◆ RECORD EXTRACTS
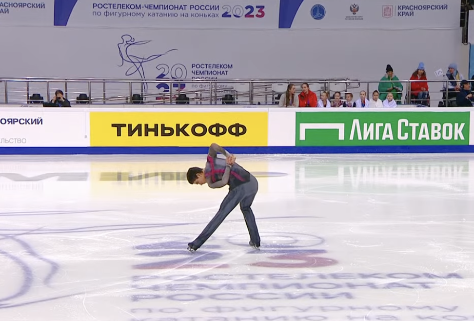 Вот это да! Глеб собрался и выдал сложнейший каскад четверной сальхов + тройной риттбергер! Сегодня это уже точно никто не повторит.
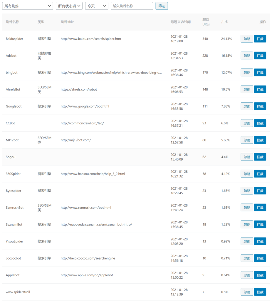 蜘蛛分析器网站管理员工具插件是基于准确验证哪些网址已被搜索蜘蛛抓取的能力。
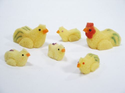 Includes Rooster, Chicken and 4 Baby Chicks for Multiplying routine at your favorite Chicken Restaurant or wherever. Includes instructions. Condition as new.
==
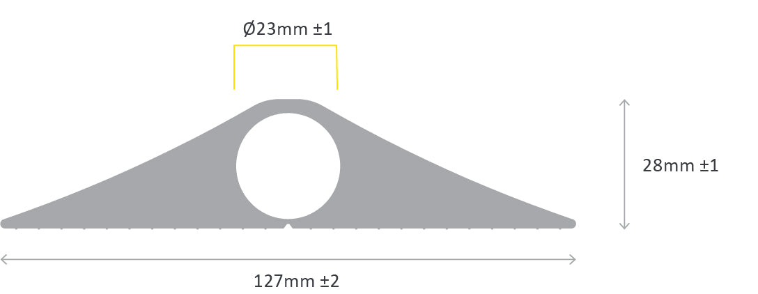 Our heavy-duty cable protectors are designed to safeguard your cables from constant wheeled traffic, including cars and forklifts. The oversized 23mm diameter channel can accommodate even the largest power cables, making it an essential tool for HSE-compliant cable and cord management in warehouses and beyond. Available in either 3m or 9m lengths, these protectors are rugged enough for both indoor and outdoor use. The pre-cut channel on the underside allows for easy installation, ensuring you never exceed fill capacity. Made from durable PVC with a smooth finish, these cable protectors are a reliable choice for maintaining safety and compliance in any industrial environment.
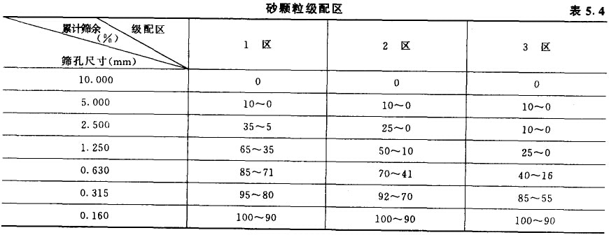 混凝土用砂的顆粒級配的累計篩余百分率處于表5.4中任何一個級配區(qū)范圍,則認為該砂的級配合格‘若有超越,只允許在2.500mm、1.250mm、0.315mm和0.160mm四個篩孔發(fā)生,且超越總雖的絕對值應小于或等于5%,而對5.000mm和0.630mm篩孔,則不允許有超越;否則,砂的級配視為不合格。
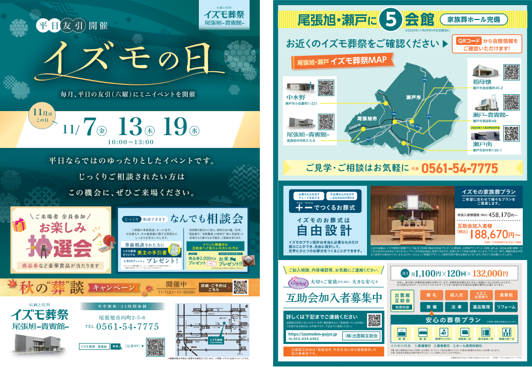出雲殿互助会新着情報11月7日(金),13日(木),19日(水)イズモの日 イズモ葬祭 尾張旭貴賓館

◆ REQUIRED WORK
Find the line with "混凝土用砂的顆粒級配的累計篩" and the line with "出雲殿互助会新着情報11月7日(金),13日(木),19日(水)イズモの日 イズモ葬祭 尾張旭貴賓館" in the records above. Copy both and all lines between them exactly, without pictures.

◆ YOUR RESPONSE
 混凝土用砂的顆粒級配的累計篩余百分率處于表5.4中任何一個級配區(qū)范圍,則認為該砂的級配合格‘若有超越,只允許在2.500mm、1.250mm、0.315mm和0.160mm四個篩孔發(fā)生,且超越總雖的絕對值應小于或等于5%,而對5.000mm和0.630mm篩孔,則不允許有超越;否則,砂的級配視為不合格。
出雲殿互助会新着情報11月7日(金),13日(木),19日(水)イズモの日 イズモ葬祭 尾張旭貴賓館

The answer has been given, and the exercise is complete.